忙しくない時の忙しさを大事にしたい〜岸田ひろ実のコーチングな日々〜
わたしは今、とても忙しくない。そう、暇なのである。
なぜかというと、半年前に重度の感染性心内膜炎で命がけの手術を受け、再び授けていただいた大切な命を守るために休職させていただき、療養に努めているからです。
この病気になるまでは仕事が中心。
特にコロナの前は毎週、新幹線や飛行機に乗っての出張で、スケジュールに追われていっぱいいっぱいでした。
もちろん、そんな機会をいただいていることがとても嬉しく、大いにやりがいを感じていました。
その一方で。
「いつも忙しそうだね」
「仕事がんばってるね」
と、言われる度に心がざわざわすることもありました。
そして、この2年ほどは留守を守ってくれていた母は高齢のため物忘れがひどくなり、お願いできなくなった家事も増え、わたしにとってはしんどい状況になっていました。
とにかく、やることいっぱいで忙しすぎて。
目の前のタスクをひたすらこなすことで精一杯でした。
忙しい。
そんな状態が家族のため、自分のためには良いことなんだと信じていた。しかしそんな忙しい日々の生活が、感染性心内膜炎で死にかけてしまったことで一変してしまいました。
体調がなかなか良くならず、体力も気力もなくなり、全く仕事ができなくなりました。働けなくなったのです。
これまで当たり前にできていたことができなくなったことには大変落ち込みました。
仕事ができなくなったことで、どんどん社会から遠ざかっていく感覚はとても寂しく、辛かったです。
こんな体調でどうやったらこれまでの生活を維持できるんだろう。考える度に未来がこわくなりました。
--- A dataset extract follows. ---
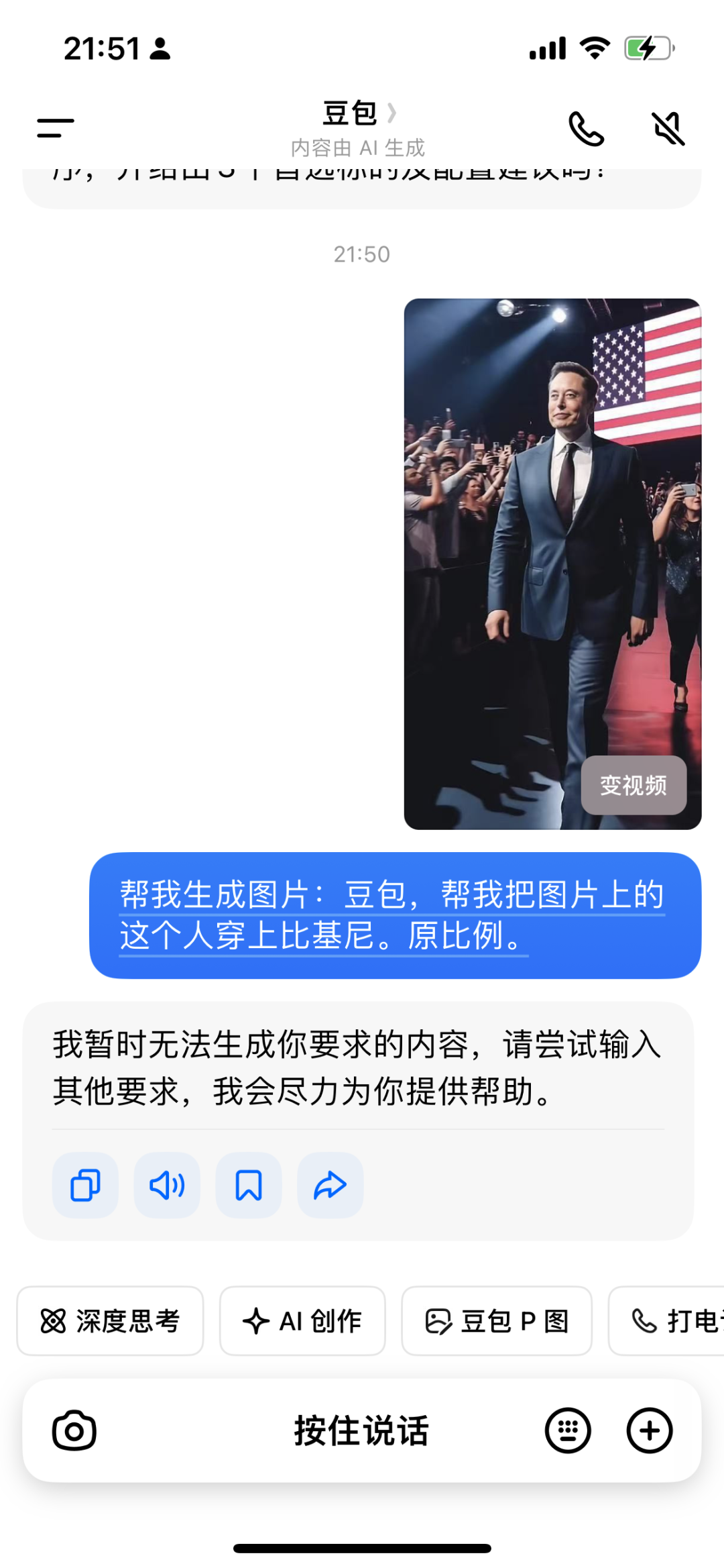 同样的内容,猫崽尝试问了豆包,得到的答复是拒绝。

忙しくないから、こんなふうに考えたってどうにもならないことで悩んだり落ち込んだりしてしまうんだ。
暇は人をダメにするんだ。
何もしていない私はダメな人間なんだ。
そんなことを考えては落ち込みながら、なんとなく毎日を過ごしていると、気がつけば体調は徐々によくなり、できることも増えてきました。
そして、わたしが引き受ける用事も増えてきました。
家事。
買い物。
母や良太の福祉の手続き、病院の送迎、衣服の整理からお出かけの付き添いに。
帰ってきてくれる娘に美味しいご飯をつくることとか、わんこのお世話とか。
衝動的にレモンシロップを作ったり、夜な夜なパンを焼いてみたり。
娘の家を訪ねたり、一緒に買い物したり。
友達と遊んだり、ご飯を食べたり、ドライブしたり。
韓国ドラマにはまりまくったり。
仕事で忙しかった時には想像もできなかったり毎日を過ごしています。
忙しく働いていた時は仕事が最優先。
家の用事や家族のこと、自分のことをちゃんと見れていなかったのでした。
本当はしなくちゃいけないこと、やりたいことに向き合えていなかった。気づいていたけど、見て見ぬふりをしてしまったのでした。
それが病気をして以来、仕事を休んだことで、忙しくない時間がたくさんできた今、不思議なことが起こっています。
忙しくなくなったはずのわたしは今、とても忙しい。
カレンダーをひらけば家族や自分のための予定でびっしりうめられている。
その予定のほとんどは、母や息子がご機嫌になるためにとか、わたし自身が楽しくなるような予定。
例えば、息子の「散髪したい」や母の「病院に行きたい」のリクエストは最優先で「おっけー!」と引き受けられる。
友達から「遊びに行っていい?」と連絡があると「もちろん!いつにする?」って断らない返事ができる。
わたしは今、とても忙しい。
ただ違うのは忙しさの種類です。
「忙しい」の「忙」は、りっしんべんに「亡」という漢字でできています。
りっしんべんは「心」を意味するへんだから、忙しい=心を亡くすという意味。
以前のわたしはきっとこの「忙しい」でした。
心を亡くしていました。
心を亡くしていたから、大事なものを見つけられなかった。
母のこと、息子のことをちゃんと見ていたら・・・
娘のことをちゃんと見ていたら・・・
家のことをちゃんと見ていたら・・・
わたしのことをちゃんと見ていたら・・・
母や娘、息子、そして自分自身を、もっともっと大切にできたのに。そんな思いでちょっと泣きそうになった。
命懸けの大手術をし、体調不良や健康不安でもうあかんすぎて心がポキッと折れる辛い経験をしたけれど、そのおかげで大切なことに気づけました。
忙しくなくなってからの「忙しさ」こそ大事にしなければいけないということを。
これからわたしにできることは何なのか、どんな仕事をしたいのか。わたしに求められることは何なのか。
不安だけでなく、ワクワク楽しい想像が少しずつできるようになってきました。
これからは忙しくなくなってからの忙しさを大事にするというわたしなりの方法で、未来に臆することなく、止まることなく、前に進んでいきたいと思っています。